The letter reiterates HMRC’s stats around fraud, stating that they believe 7.3% of SME expenditure and 1.1% of RDEC expenditure is claimed in error or fraudulently. Although the changes to the ONS stats that were highlighted recently suggested that the level of fraud and error might be lower than this, the letter dismisses this, whilst stating that HMRC are looking at better ways to calculate fraud and error in the scheme themselves. 


For the first time that we know of, the letter details the size and make-up of HMRC’s compliance team looking at R&D tax relief—there are 245 members of staff in the Incentives and Reliefs team. This team includes staff from all levels and is tasked with looking at compliance across all incentives and reliefs, not just R&D tax reliefs. They do say, however, that the R&D team within this larger team has doubled in recent years.

The most breathtaking statistic in the whole letter is that 84% of enquiries closed in 2022/23 so far were deemed to be inaccurate, and that the additional amount due to HMRC was, on average, £128,000 per claim. Given that these claims were looked at because HMCR suspected that they contained errors, you’d expect a high rate of error, but I don’t think anyone would expect it to be that high!

Another surprising statistic is that 80% of the 1,685 recipients of FIS letters over the summer failed to respond within 30 days. HMRC feels that this shows that the letters were appropriately targeted at companies who should not have been claiming and therefore could not defend their claims. 

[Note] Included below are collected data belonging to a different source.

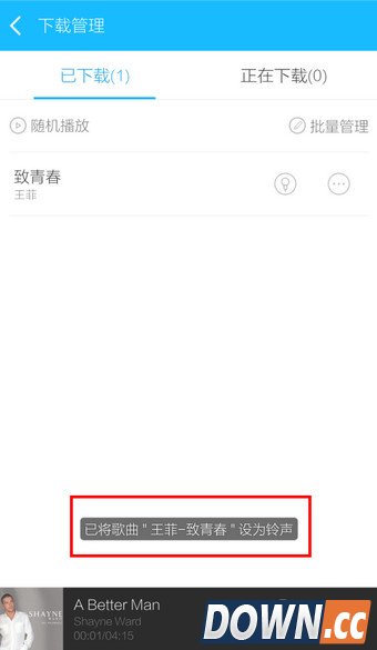 4.当前歌曲设置铃声成功
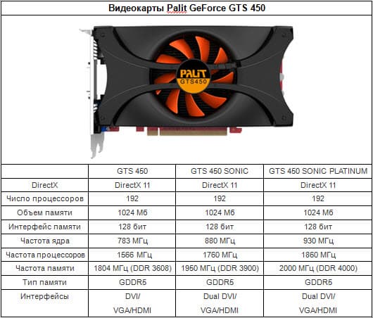 Компания Palit Microsystems Ltd, занимающаяся созданием графических ускорителей, представила новую линейку плат GeForce GTS 450 на архитектуре Fermi: GTS 450 1GB, GTS 450 1GB Sonic и GTS 450 1GB Sonic Platinum. Новые модели Palit GTS 450 уже поступают на склады магазинов по всему миру.
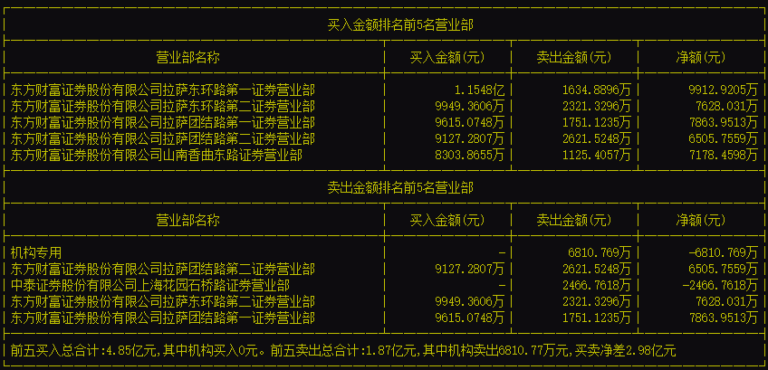 具体来看,陕西能源的买入前5营业部均为东方财富证券旗下的营业部,合计买入4.85亿元,合计卖出9454万元,净买入额为3.91亿元。
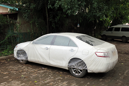 病院内の駐車場に薄いビニール製のカバーでスッポリ覆われた車が停めてあった。
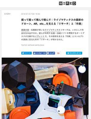 ロボット&ドローン「掘って掘って積んで積んで:ライゾマティクスの最新のドローン、AR、etc…を支える「リサーチ」と「作業」」というライゾマティクスリサーチのメンバーが登壇したRedshift Liveの模様をレポートしている記事が、WIRED.jpに掲載されています。
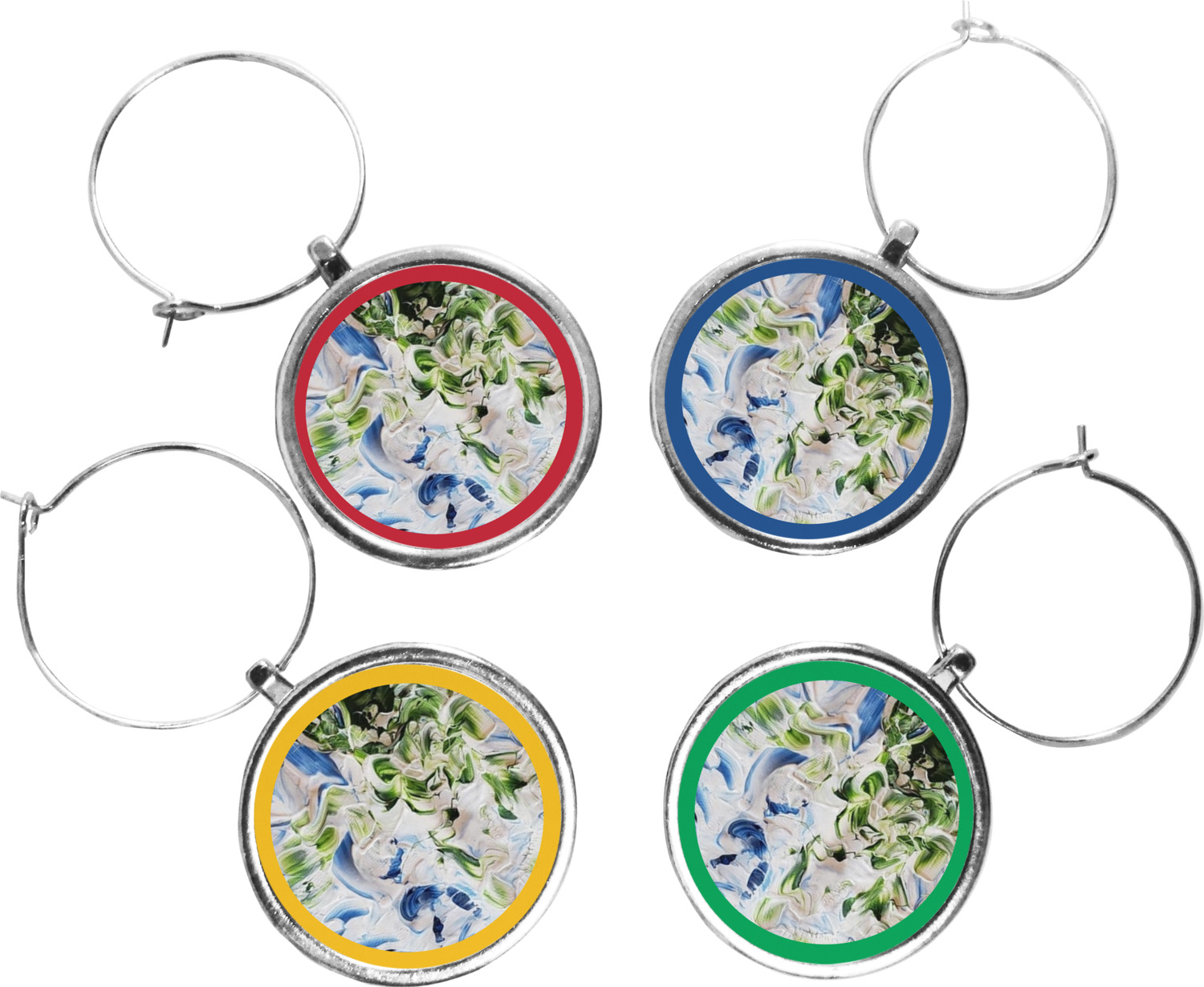 Your wine glass markers are comprised of a circular zinc plate with a 1.25 inch diameter. The zinc plate hangs from a zinc loop, which can be easily secured and removed from the stem of a wine glass. Your customized design is printed onto a 1 inch diameter insert, and then placed into the wine glass charm itself. Though sold in a set of four, you can personalize each charm individually and change the colors of the ring around your design, depending on your needs.

Of particular interest is the data around the current uptick in enquiries—the letter details how HMRC launched a ‘one-to-many’ compliance activity in October, targeted at sectors where HMRC wouldn’t expect to find eligible R&D. In October they sent 1,000 letters to first-time claimants, and this month will send 1,000 more letters to ‘industries that are unlikely to have undertaken activities that would qualify for the relief’. 

Alongside this, they’ve also implemented a ‘mandatory random enquiry programme’ to sample claims and collect data about the level of error and fraud in the scheme. This does suggest that the enquiry rate is likely to remain at its current level for the foreseeable future. On the back of this, it would certainly seem sensible to warn any first-time claimants, or indeed any claimants in less eligible sectors, to the fact that enquiries may be more likely. It’s certainly not a reason not to claim, but is perhaps something to head off early and warn clients that random checks are in place. 

Upcoming changes

Part of the letter seeks to explain the upcoming changes to the R&D tax relief schemes, and how these will increase compliance. Most interesting here is the explanation of the intentions behind pre-notification of claims—HMRC see this as a way to both prevent the submission of “spurious claims…for earlier years where a company has correctly not previously claimed the relief”, and to give them a chance to reach out and educate those who intend to claim before the claim is submitted. In many ways, this feels like a second attempt at advance assurance—talking to new claimants before they submit a claim to ensure they are doing eligible work. 

Finally, there was some indication of what HMRC is planning to implement to enable pre-notification and digital submission of claims. They describe a new service being developed involving a simple form for digital submission, and requiring a company to describe upfront what scientific or technological advancements they are seeking. None of this was very specific, but we’re poised here at WhisperClaims to make whatever changes turn out to be necessary to make it easy for our users to comply with whatever HMRC’s requirements turn out to be.

How to write an R&D tax relief technical narrative

With HMRC’s new mandatory requirement for project descriptions on all submissions, we wanted to share our experiences to help others to write their best possible technical narratives.

Available to download here.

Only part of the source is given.